Weelll, I haven't actually worn a BABY yet, but I have practiced with a teddy bear...









A friend gave me a Moby, and I think I'm going to like it. It takes a bit of practice, but I think I have the basics down now. It's a nice wrap because you can use it for newborn-->toddler. The bad thing (I think) is that there is a steeper learning curve than with a pouch or something a little simpler.

The fabric is so soft and I love the colors they have, and DH and I can use the same wrap, which is awsome!

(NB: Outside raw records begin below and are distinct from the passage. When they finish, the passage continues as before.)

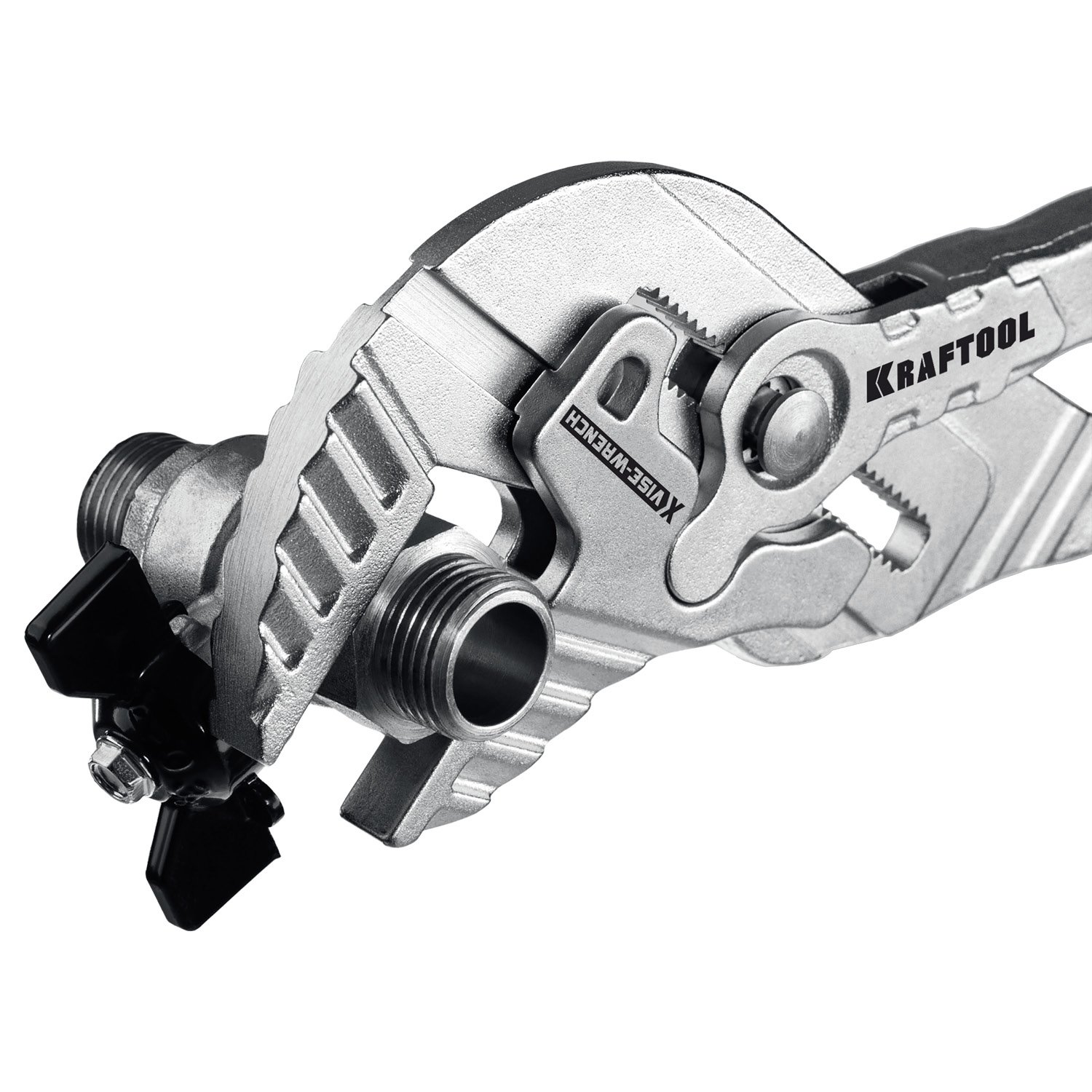 Клещи переставные-гаечный ключ KRAFTOOL – профессиональный инструмент с постоянно параллельными губкам. Заменит набор из всех ключей и обеспечит полную сохранность хромированного крепежа.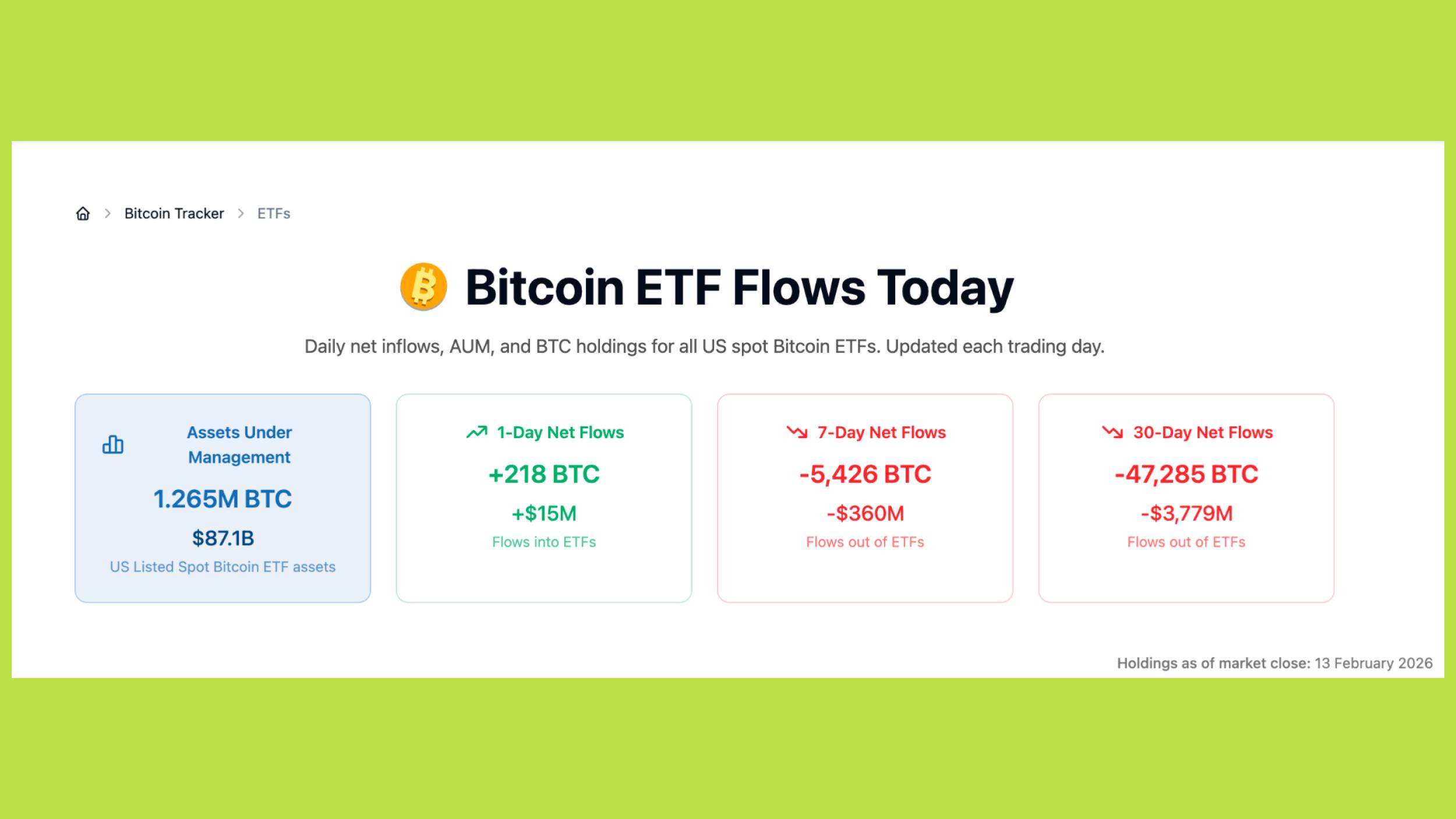 Dòng tiền tổ chức không phản ánh đầy đủ sức khỏe của toàn thị trường. Trong khi phần lớn altcoin suy yếu kéo dài, Bitcoin và một số tài sản lớn vẫn được nâng đỡ bởi các cấu trúc ETF. Tuy nhiên, dữ liệu gần đây cho thấy ngay cả lớp “nâng đỡ” này cũng đang suy yếu, khi dòng vốn bắt đầu rút ra trong 7 và 30 ngày gần nhất.
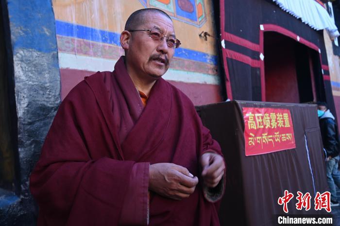 圖為洛卓土美介紹薩迦寺內(nèi)消防情況。趙朗 攝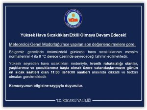 Kocaeli Valiliği’nden uyarı geldi. Yapılan açıklamada, ‘ Bölgemiz genelinde önümüzdeki günlerde hava sıcaklıklarının mevsim normallerinin 4 ila 8 derece üzerinde seyredeceği tahmin edilmektedir. Vatandaşlarımızın günün en sıcak saatleri olan 11:00 – 16:00 saatleri arasında dikkatli ve tedbirli olmaları gerekmektedir’ İfadelerine yer verildi.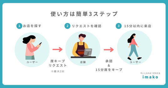 「直前席キープ」は、imakoアプリからお店を選び、簡単な操作でリクエストを送ることで、お店に15分間、席を確保してもらえる新サービスです。「今から行きたい」と思ったその時に、満席を心配することなく、安心してカフェに向かうことができます。
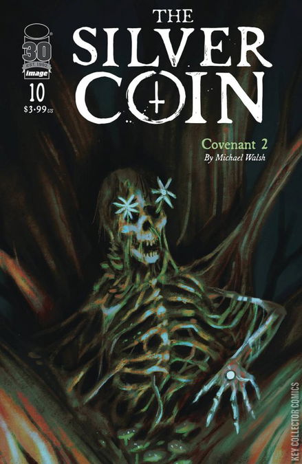 Next in THE SILVER COIN, the hit horror anthology from VITA AYALA, JOSHUA WILLIAMSON, RAM V, MATTHEW ROSENBERG, and MICHAEL WALSH, comes a sequel 300 years in the making. Audrey is a high schooler with an unusual ability who's drawn to the occult. When she encounters the coin, she conducts a ritual meant to break its curse but instead summons something darker still. The coin's mystery deepens in part two of "Covenant."

I hope that helps a little bit.


----------



## andi-mama

Stretchy wraps actually aren't so great past 15lbs, so if you really want to get a carrier that lasts I would go for a woven wrap. After awhile, stretchy wraps start to sag under the baby's weight and they become unsupportive and require readjustment every 20 minutes (very annoying!). But they are good for newborns and a great way to cheaply get the "feel" of wrapping!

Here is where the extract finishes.